Items from a data source

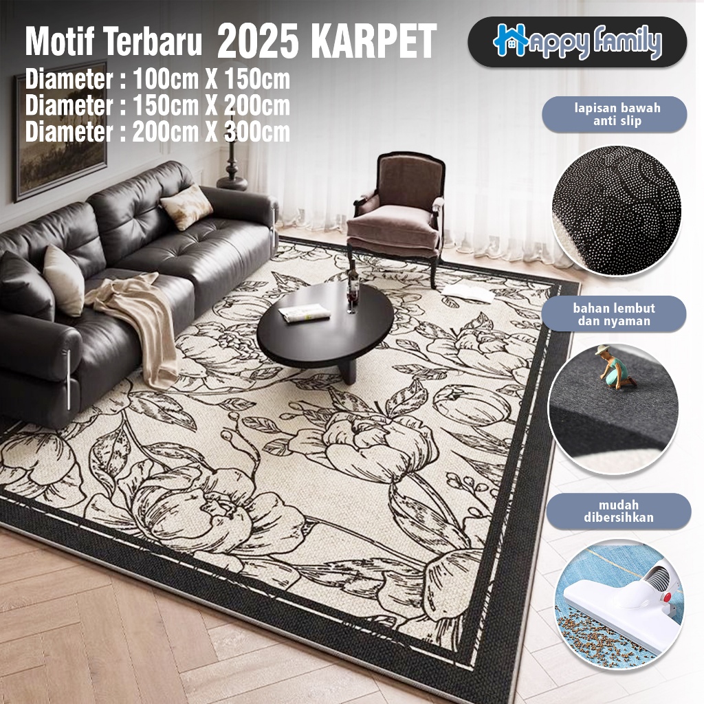 (HF) BELI LOKAL Karpet Lantai Eropa Permadani 100x150cm & 150x200cm & 200x300cm Anti Slip Ruang Tamu
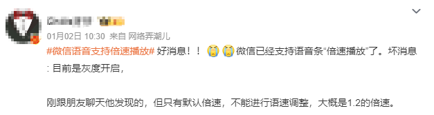 近日,有部分网友发现,微信的语音消息可以倍速播放了。
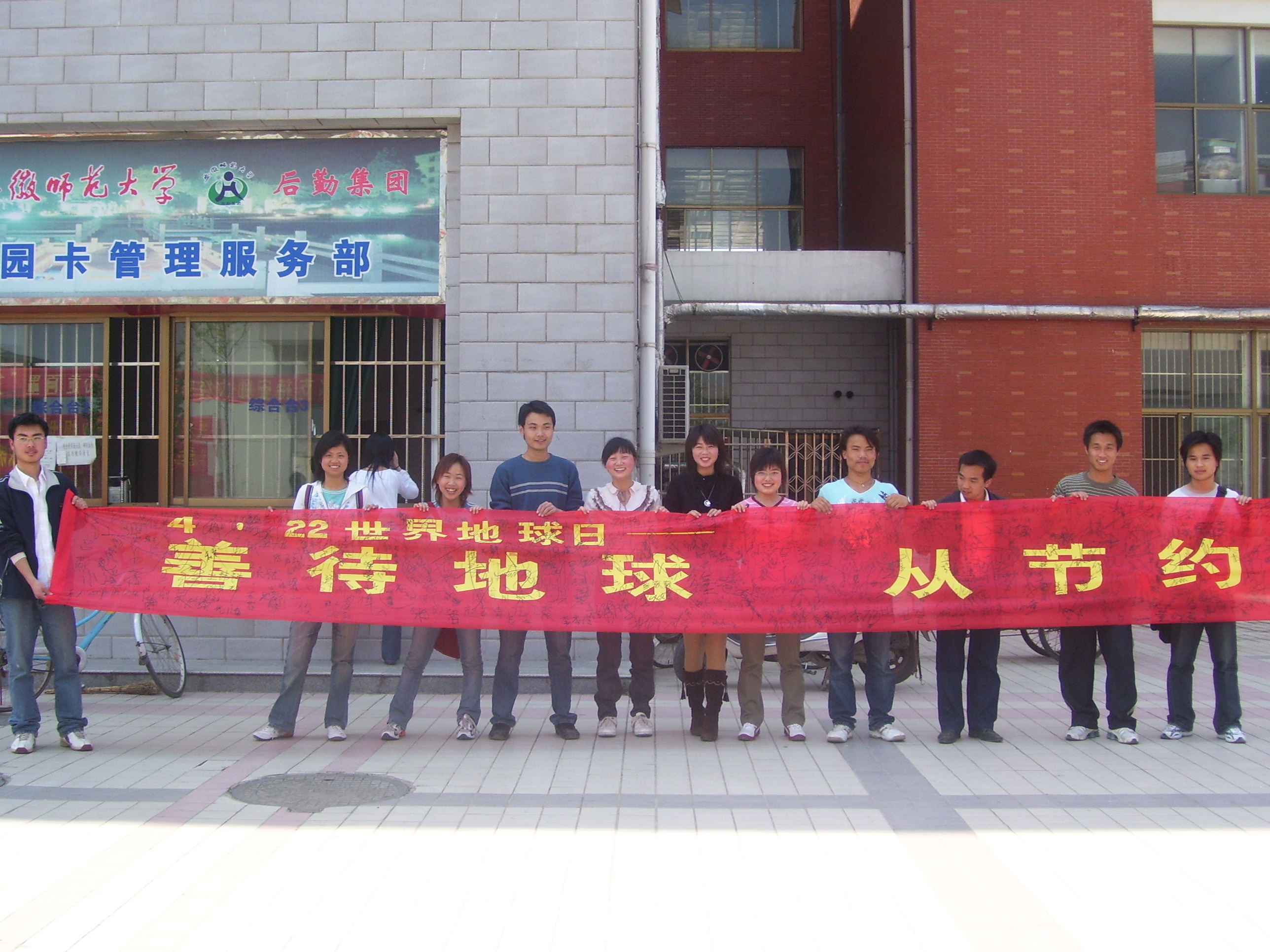 4月20日中午12:00,以“善待地球——从节约资源做起”为主题的大型签名活动在一食堂门前拉开帷幕。在十米长的横幅上,几百名莘莘学子签名纪念。
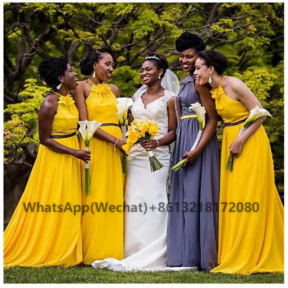Платье подружки невесты с лямкой на шее, желтое шифоновое черное платье для подружки невесты с цветочным узором, платье для подружки невесты для женщин, 2021
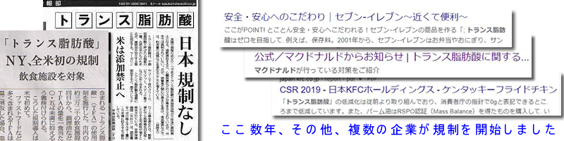 動脈硬化の重要な原因です。やはり加工食品に多く、数年前に欧米では大きな社会問題になりましたが、日本では摂取量が多くなかったため問題になりませんでした(農林水産省のHPが詳しいです)。複数の外資系のハンバーガー・フライドチキン、更に国内のチェーン店が「当社の製品はトランス脂肪酸を〜以下に抑えています」と強調しているのは、こういう事情からです。
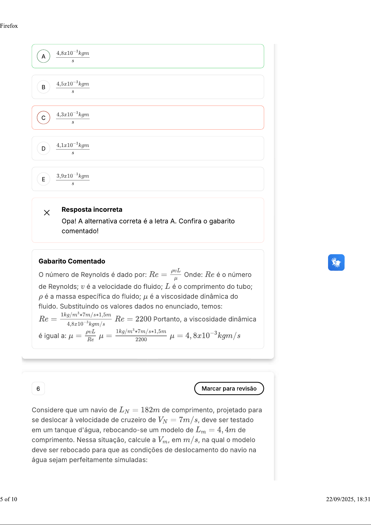 Firefox 4,8x10⁻³kgm A 4,5x10⁻³kgm c D 3,9x10⁻³kgm E S X Resposta incorreta Opa! A alternativa correta é a letra Confira gabarito comentado! Gabarito Comentado número de Reynolds é dado por: Re = Onde: Re é número de Reynolds; v é a velocidade do fluido; L é comprimento do tubo; é a massa específica do fluido; é a viscosidade dinâmica do fluido. Substituindo os valores dados no enunciado, temos: Re = 1kg/m³*7m/s*1,5m Re = 2200 Portanto, a viscosidade dinâmica é igual a: puL Re 2200 6 Marcar para revisão Considere que um navio de LN = 182m de comprimento, projetado para se deslocar à velocidade de cruzeiro de VN = 7m/s, deve ser testado em um tanque d'água, rebocando-se um modelo de Lₘ = 4, 4m de comprimento. Nessa situação, calcule a Vₘ, em m/s, na qual modelo deve ser rebocado para que as condições de deslocamento do navio na água sejam perfeitamente simuladas: 5 of 10 22/09/2025, 18:31Firefox A 7 1,1 c 289 D 0,17 E 10 X Resposta incorreta A alternativa correta é a letra Confira o gabarito comentado! Gabarito Comentado A resposta correta é: 1,1. A velocidade de um navio é proporcional ao seu comprimento. Portanto, para que as condições de deslocamento do navio na água sejam perfeitamente simuladas, modelo deve ser rebocado a uma velocidade de 1,1 m/s. 7 Marcar para revisão A Figura a seguir ilustra um recipiente cilíndrico totalmente fechado, contendo gás e óleo. A, B e C são pontos no interior do recipiente, estando A em seu tampo, C em sua base e na interface gás-óleo. As densidades do óleo e do gás valem, respectivamente, 0, 8g/cm³ e A 4,0 m Gás 6 of 10 22/09/2025, 18:31
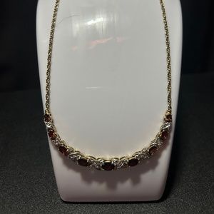 14k Gold plate over 925 Sterling Silver Garnet and Diamond Necklace
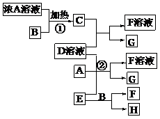 13.有关物质存在如图所示的转化关系(部分产物已省略)。通常C为气体单质,G为紫黑色固体单质。实验室中,常用固体E在B的催化下加热制取气体单质H。

- [YOUR INSTRUCTIONS]:
Transcribe every entry exactly. Leave out the pictures.

- [WRITTEN SOLUTION]:
 (HF) BELI LOKAL Karpet Lantai Eropa Permadani 100x150cm & 150x200cm & 200x300cm Anti Slip Ruang Tamu
 近日,有部分网友发现,微信的语音消息可以倍速播放了。
 4月20日中午12:00,以“善待地球——从节约资源做起”为主题的大型签名活动在一食堂门前拉开帷幕。在十米长的横幅上,几百名莘莘学子签名纪念。
Платье подружки невесты с лямкой на шее, желтое шифоновое черное платье для подружки невесты с цветочным узором, платье для подружки невесты для женщин, 2021
 動脈硬化の重要な原因です。やはり加工食品に多く、数年前に欧米では大きな社会問題になりましたが、日本では摂取量が多くなかったため問題になりませんでした(農林水産省のHPが詳しいです)。複数の外資系のハンバーガー・フライドチキン、更に国内のチェーン店が「当社の製品はトランス脂肪酸を〜以下に抑えています」と強調しているのは、こういう事情からです。
 Firefox 4,8x10⁻³kgm A 4,5x10⁻³kgm c D 3,9x10⁻³kgm E S X Resposta incorreta Opa! A alternativa correta é a letra Confira gabarito comentado! Gabarito Comentado número de Reynolds é dado por: Re = Onde: Re é número de Reynolds; v é a velocidade do fluido; L é comprimento do tubo; é a massa específica do fluido; é a viscosidade dinâmica do fluido. Substituindo os valores dados no enunciado, temos: Re = 1kg/m³*7m/s*1,5m Re = 2200 Portanto, a viscosidade dinâmica é igual a: puL Re 2200 6 Marcar para revisão Considere que um navio de LN = 182m de comprimento, projetado para se deslocar à velocidade de cruzeiro de VN = 7m/s, deve ser testado em um tanque d'água, rebocando-se um modelo de Lₘ = 4, 4m de comprimento. Nessa situação, calcule a Vₘ, em m/s, na qual modelo deve ser rebocado para que as condições de deslocamento do navio na água sejam perfeitamente simuladas: 5 of 10 22/09/2025, 18:31Firefox A 7 1,1 c 289 D 0,17 E 10 X Resposta incorreta A alternativa correta é a letra Confira o gabarito comentado! Gabarito Comentado A resposta correta é: 1,1. A velocidade de um navio é proporcional ao seu comprimento. Portanto, para que as condições de deslocamento do navio na água sejam perfeitamente simuladas, modelo deve ser rebocado a uma velocidade de 1,1 m/s. 7 Marcar para revisão A Figura a seguir ilustra um recipiente cilíndrico totalmente fechado, contendo gás e óleo. A, B e C são pontos no interior do recipiente, estando A em seu tampo, C em sua base e na interface gás-óleo. As densidades do óleo e do gás valem, respectivamente, 0, 8g/cm³ e A 4,0 m Gás 6 of 10 22/09/2025, 18:31
 14k Gold plate over 925 Sterling Silver Garnet and Diamond Necklace
 13.有关物质存在如图所示的转化关系(部分产物已省略)。通常C为气体单质,G为紫黑色固体单质。实验室中,常用固体E在B的催化下加热制取气体单质H。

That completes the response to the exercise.